▶ [WHAT YOU NEED TO DO]: Leave out the pictures, and write out exactly the lines from the beginning of the material to the line holding "Sprinkles is marking", that line included, and nothing else.

▶ [INPUT DATA]:
━━━━

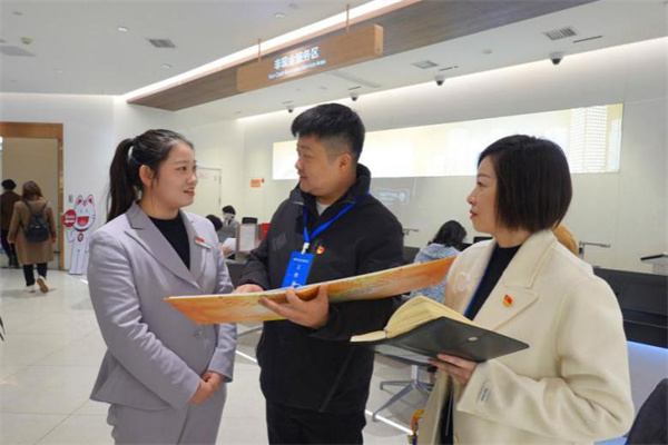 图为西陵区纪检监察干部会同金融、政务服务等部门走访银行了解企业融资支持情况
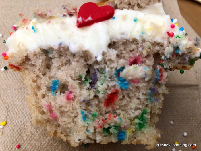 Sprinkles is marking the occasion with a VERY limited edition cupcake… as in TODAY ONLY! (But don’t worry — we grabbed another cupcake to show you in case you’re aren’t in Disney World to celebrate today!)
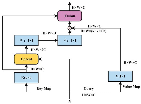 The COT attention mechanism module enhances feature representation by fusing static and dynamic contexts. The module first performs a k × k convolution operation on the input feature map to extract local static context information, denoted as K1. The static context K1 is then concatenated with the query vector Q. The dynamic multi-head attention weight matrix is generated by two 1 × 1 convolutional layers. Unlike the traditional self-attention mechanism, this method is based on a local correlation matrix at each position. This method reinforces attention learning through the interaction between queries and keys while integrating static context. Subsequently, the dynamic attention weight matrix is multiplied by the value vector V, processed via a 1 × 1 convolution, to obtain the global dynamic context information denoted as K2. Ultimately, the model’s ability to capture spatial relationships in the feature map is significantly enhanced by fusing the static context K1 and the global context K2, enabling effective modeling of dynamic dependencies among the input features. The fusion of local static and global dynamic contexts allows the model to better capture spatial symmetries that frequently appear in solar panel defect patterns, such as bilateral or radial symmetry, thereby improving symmetry-aware contextual representation.

━━━━

▶ [OUTPUT OF THE TASK]:
 图为西陵区纪检监察干部会同金融、政务服务等部门走访银行了解企业融资支持情况
 Sprinkles is marking the occasion with a VERY limited edition cupcake… as in TODAY ONLY! (But don’t worry — we grabbed another cupcake to show you in case you’re aren’t in Disney World to celebrate today!)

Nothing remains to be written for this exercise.